Disconnection is losing your ability to see and feel relationships. Why did Paul McCartney marry and have a child with Heather Mills? Why do rich, successful men get into relationships that prove to be disastrous for them? Do these (usually old) men really believe that these young, beautiful women find them irresistible?

Yes they do. Their disconnection robs them of the ability to see agendas or to see the undercurrents of relationships even when they are obvious to everyone else. They have emotional blindness to their own lives.

Why do some men lose interest in their partners or switch on the TV immediately following orgasm? Dr Goldberg says it's disconnection, moving from one objectifying behavior (woman as an outlet for sexual need) to another (TV as an agent of oblivion.)

Reversing the damage of disconnection

According to Dr. Goldberg, one of the problems of disconnection is that you can't see it happening and you aren't aware that it's happening to you. But if you have read this far and recognize some behaviors or feelings associated with disconnection then what can you do to reverse it?

For a start, cautions Dr Goldberg, forget content solutions - i.e. trying to be different, trying harder. It doesn't work in the long term and will probably only make things worse.

Instead, work on your relationships. This might be hard to do with other disconnected men but you can start with your family and your wife/girlfriend and children.

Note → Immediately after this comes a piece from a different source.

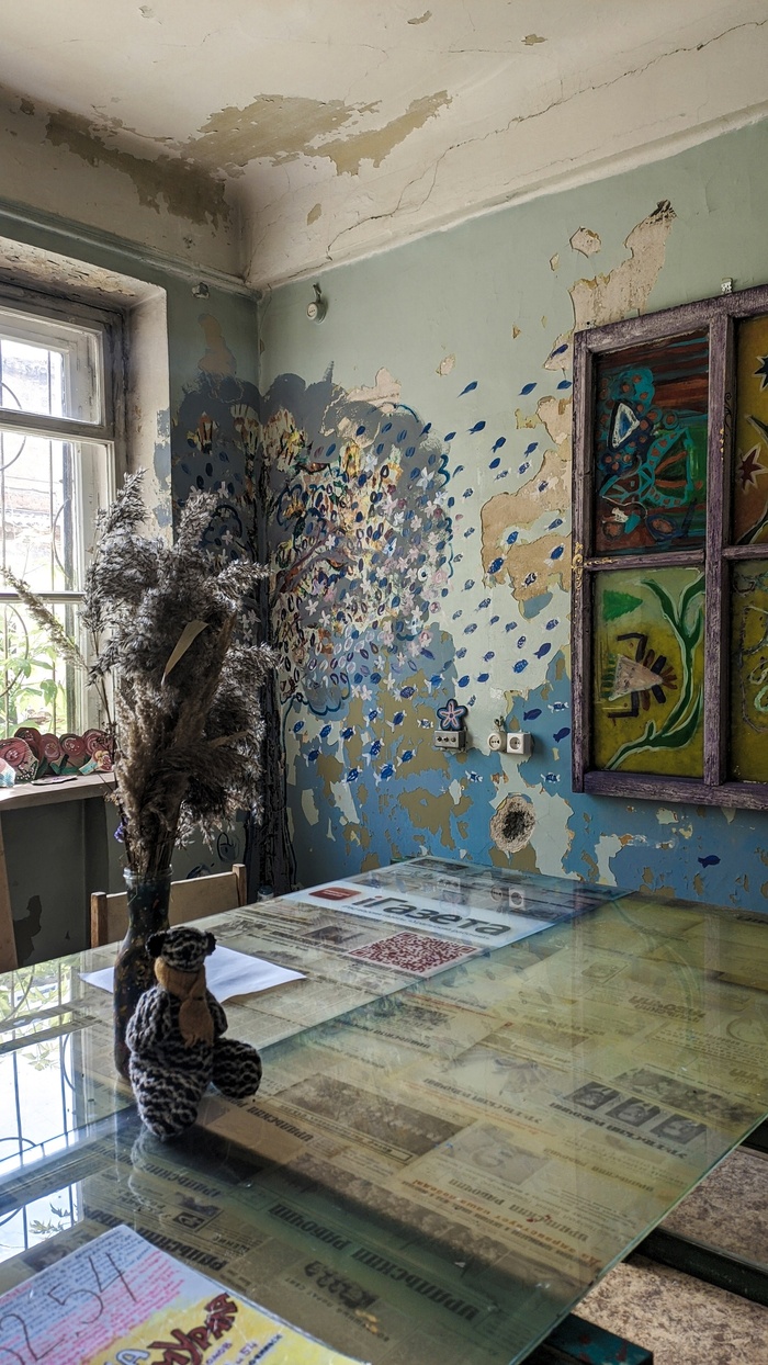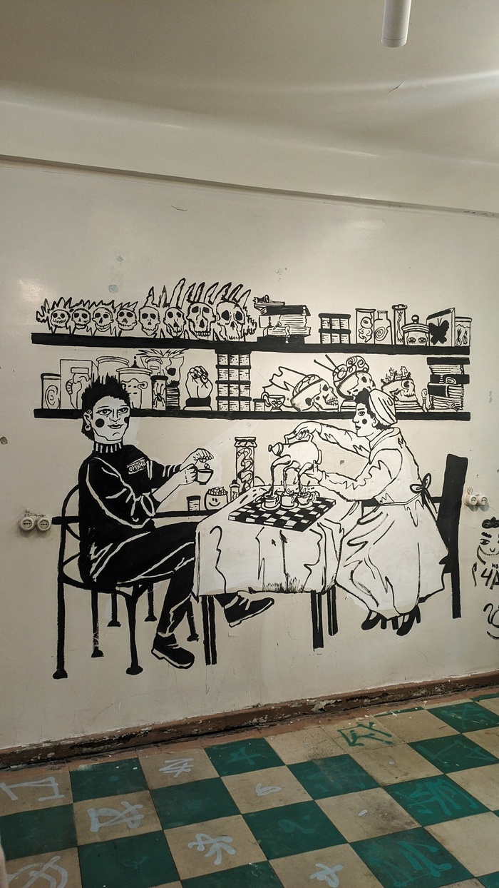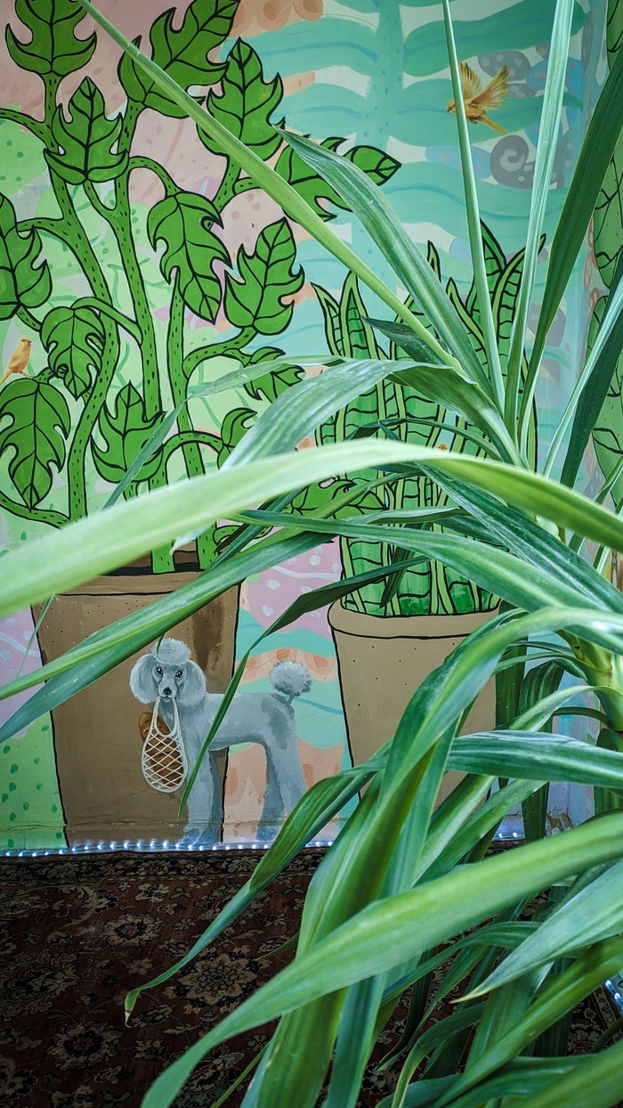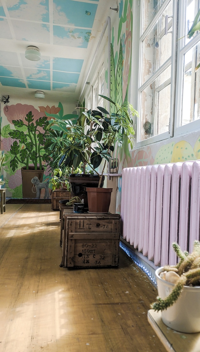 Одно из помещений бывшей больницы стало оранжерей. Художница https://vk.com/rita_haak вместе с командой других мастеров и помощников расписали комнату цветами. Главным притягательным центром комнаты является изображение пуделя с авоськой -э то отсылка к истории о том, что местная жительница обучила свою собачку самостоятельно ходить за покупками :)

Stop offering cold, clinical solutions to problems, stop offering solutions in the relationship discussions people have with you. Call a friend for no purpose at all other than to chat. Practice being present when you are with people. Listen to them, if you find yourself leaping ahead or wanting to inject your advice or wisdom, hold your tongue. If you find your mind wandering try to bring it back to the here and now. When you're with your kids give yourself up to that time - don't keep checking your phone or email, don't keep wishing you were somewhere else, working toward your mission.

Disconnection wants us to focus on our self-selected mission with rewards somewhere off in the future. It wants us to waste our lives in the pursuit of something that can't bring us happiness. It's not easy but we can choose to live in and enjoy the now. That doesn't mean we have to give up on our mission but we can learn to get some balance back.